Мы стояли на крыле. У курсанта уже было три хороших прыжка, и я не волновался. Никаких проблем, он хорошо лег на воздух, когда мы пролетели первый слой облаков. Когда мы увидели второй слой, я немного испугался, но подумал, что, наверное, придется сначала выполнить фигуры, а потом посмотреть высоту. Курсант хорошо сделал разворот на девяносто градусов и горизонтальные перемещения, а потом мы снова взялись за руки, раздвинув ноги в стороны. Курсант потянулся к кольцу, но у меня на приборе было 6000 футов, и я сказал подождать. Он посмотрел на меня, но не так-то легко разобрать выражение лица у парня, когда щеки и губы у него раздувает, как белье на веревке в штормовой ветер.
Джозеф сделал паузу и с довольным видом кивнул.
— Белье на веревке в штормовой ветер, — повторил он. — Черт, неплохо сказано. Твое здоровье!
И он снова приложился к бутылке.
— Когда мы долетели до облаков, мой альтиметр показывал 5000 футов, — продолжил он, переведя дыхание. — До раскрытия парашюта — еще тысяча. Я держал ученика за руку, а сам поглядывал за высотой: вдруг слой будет толстым и парашют придется раскрывать прямо в облаках. Но мы вышли достаточно быстро. Когда я увидел, как навстречу скачками несется земля — деревья, трава, асфальт, — сердце у меня замерло. Тогда я выдернул оба кольца: мое и его. Если основной парашют у кого-то из нас не раскроется, времени на запаску уже не будет. Оказалось, низкие облака лежали на высоте двух тысяч футов. Когда мы вынырнули из них без парашютов, народ внизу обомлел. Курсант запаниковал, дурак, полетел прямо на дерево и повис в четырех метрах от земли. Ждать, пока его снимут, он не стал. Вместо этого освободился от парашюта, спрыгнул на землю и сломал ногу. Он заявил, что когда я с ним разговаривал, от меня пахло алкоголем. Дело рассматривалось в правлении клуба. Меня навсегда лишили лицензии.

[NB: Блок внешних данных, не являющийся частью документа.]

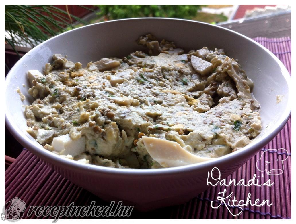 A főtt tojásokat apró kockákra vágjuk, majd a padlizsánhoz keverjük. Hozzáadjuk a finomra aprított vöröshagymát és petrezselymet. Sóval, borssal és provence-i fűszerkeverékkel ízesítjük, végül annyi majonézt adunk hozzá, hogy selymes, krémes állagot kapjunk.

И он допил вторую бутылку.
— А дальше?
Джозеф отставил бутылку в сторону.
— А дальше сам видишь. Пособие по безработице, дурная компания и вино, — он выдавил из себя улыбку. — Мне обломали крылья, Харри. Я из племени людей-воронов, а живу как эму.
Тени в парке успели съежиться и вырасти снова. Харри проснулся оттого, что на него упала тень Джозефа:
— Мне пора домой, Харри. Может, хочешь забрать из павильона какие-нибудь вещи, пока я не ушел?

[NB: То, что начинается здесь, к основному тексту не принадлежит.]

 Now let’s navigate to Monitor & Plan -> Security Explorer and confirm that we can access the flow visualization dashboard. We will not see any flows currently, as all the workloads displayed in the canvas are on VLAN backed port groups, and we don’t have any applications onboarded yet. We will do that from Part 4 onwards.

— Черт! Пистолет! И пиджак.
Харри поднялся. Хотелось выпить. Джозеф снова запер павильон. Они некоторое время стояли, переминаясь с ноги на ногу и цыкая зубом.
— Так значит, скоро собираешься домой, в Норвегию? — спросил Джозеф.
— Oh, any day now. [85]
— Надеюсь, в следующий раз ты успеешь на самолет.
— Надо было сегодня позвонить в авиакомпанию. И на работу. Они, наверное, гадают, что со мной.
— Тьфу ты! — Джозеф хлопнул себя по лбу и снова полез за ключами. — Наверное, в моем вине многовато дубильных веществ. Разъедает мозги. Никогда не помню, выключил свет или нет. А сторож вечно злится, когда он приходит, а свет горит.
Он открыл дверь. Свет был выключен.
— Хе-хе. Вот так всегда. Когда привыкаешь к месту, то свет включаешь и выключаешь автоматически. И поэтому не помнишь, выключил — не выклю… что-то не так, Харри?
Харри смотрел на Джозефа стеклянными глазами.
— Свет, — коротко ответил он. — Был выключен.
Начальник охраны в театре Сент-Джордж непонимающе покачал головой и налил Харри еще кофе.
— П-пес знает, что творится. Каждый вечер полно народу. Когда показывают т-тот номер с гильотиной, н-народ с ума сходит от страха, визжит, но платит. А т-теперь еще пишут на афише: «Гильотина смерти — героиня газет и телепередач. Гильотина-убийца…» Гвоздь программы. П-пес знает что.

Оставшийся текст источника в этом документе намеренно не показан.